Piątek, XVIII Tydzień Zwykły, rok I, Mt 16,24-28

 Cóż bowiem za korzyść odniesie człowiek, choćby cały świat zyskał, a na swej duszy szkodę poniósł? Albo co da człowiek w zamian za swoją duszę? Albowiem Syn Człowieczy przyjdzie w chwale Ojca swego razem z aniołami swoimi, i wtedy odda każdemu według jego postępowania. Zaprawdę, powiadam wam: Niektórzy z tych, co tu stoją, nie zaznają śmierci, aż ujrzą Syna Człowieczego, przychodzącego w królestwie swoim.

 

     Nic nie ma na siłę. Jesteśmy wolni. Każdy z nas ma wolna wolę. Kto chce pójść za Mną? Tylko trzeba chcieć, tylko jedna decyzja, tylko nasze 'tak Panie". Czy pójdziesz? Nie na chwilę. Nie na dni radości i łaski, ale ciągłe niepowtarzające się kroczenie śladami Jezusa.

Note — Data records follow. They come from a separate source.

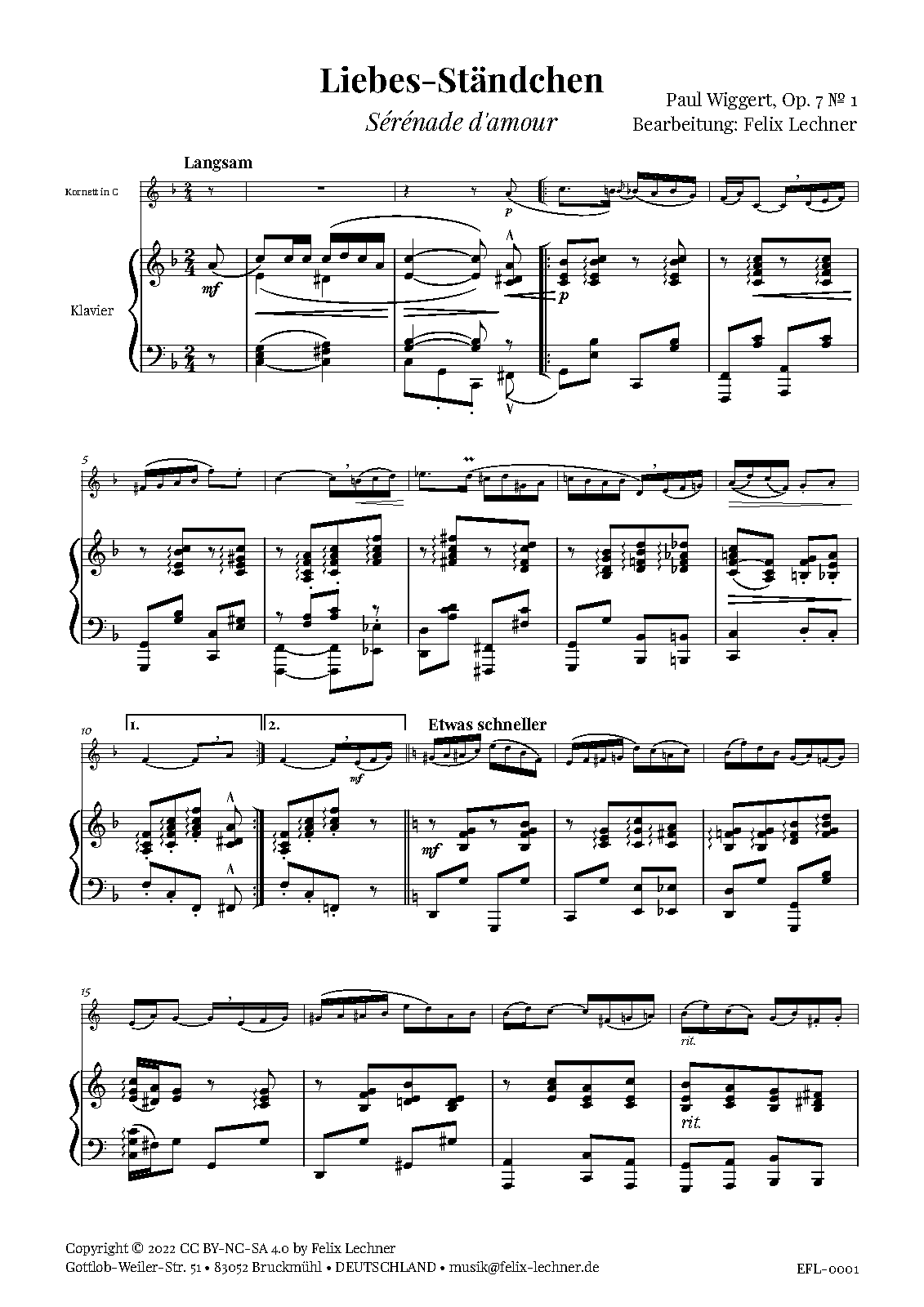 | Movements/SectionsMov'ts/Sec's | 1 piece (Langsam — Etwas schneller — Tempo I) |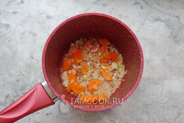 Лук и морковь очистите и помойте. Нарежьте произвольно и выложите в кастрюлю. Налейте подсолнечное масло и припустите овощи на небольшом огне до прозрачности лука. У кого обычная кастрюля, сделайте это на сковороде.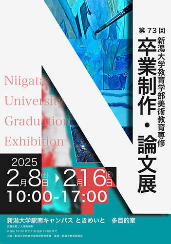 令和6年度 卒業制作・論文展 投稿者:新潟大学教育学部美術教育専修2025-02-202025-03-25カテゴリー:2025年、展覧会 令和5年度卒業制作・論文展を開催しました。4年次には作品制作・論文(美術教育や美術史)のどちらかを選択し、卒業研究に取り組みます。制作の学生は作品を、論文の学生は論文発表ポスターを会場に展示し、広く一般に公開しています。【卒業制作・論文展】日時 2025年2月8日(土)~16日(日)開場時間 10:00〜18:00(日曜は16:30閉館) 月曜休館場所 新潟大学駅南キャンパスときめいと 多目的室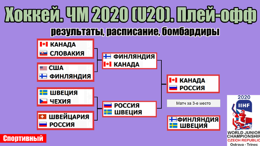 Чемпионат мира по хоккею 2020 (U20). Россия - Канада в финале. Результаты 1 /2 плей-офф. Расписание.

     Zobaczmy na Jezusa, to nie jest prosta droga. Bo gdy idziesz za Panem, to będziesz wzgardzony przez innych, to będziesz wyśmiewany, wytykany palcami, atakowany wśród najbliższych, będą chcieli cię pochwycić na słowie. Twoja wiara będzie wystawiana na próbę. Będziesz też opluty przez nieprzyjaciół, przez media – bo jesteś KOŚCIOŁEM. Czy tego chcesz?

    Moc w słabości się doskonali! Wystarczy ci Mojej łaski. Wystarczy tylko wziąć krzyż i go nie zdejmować z ramion.  Jednak to nie takie proste Panie, bo świat, bo grzech też mnie atakuje, ale chce codziennie iść za Tobą.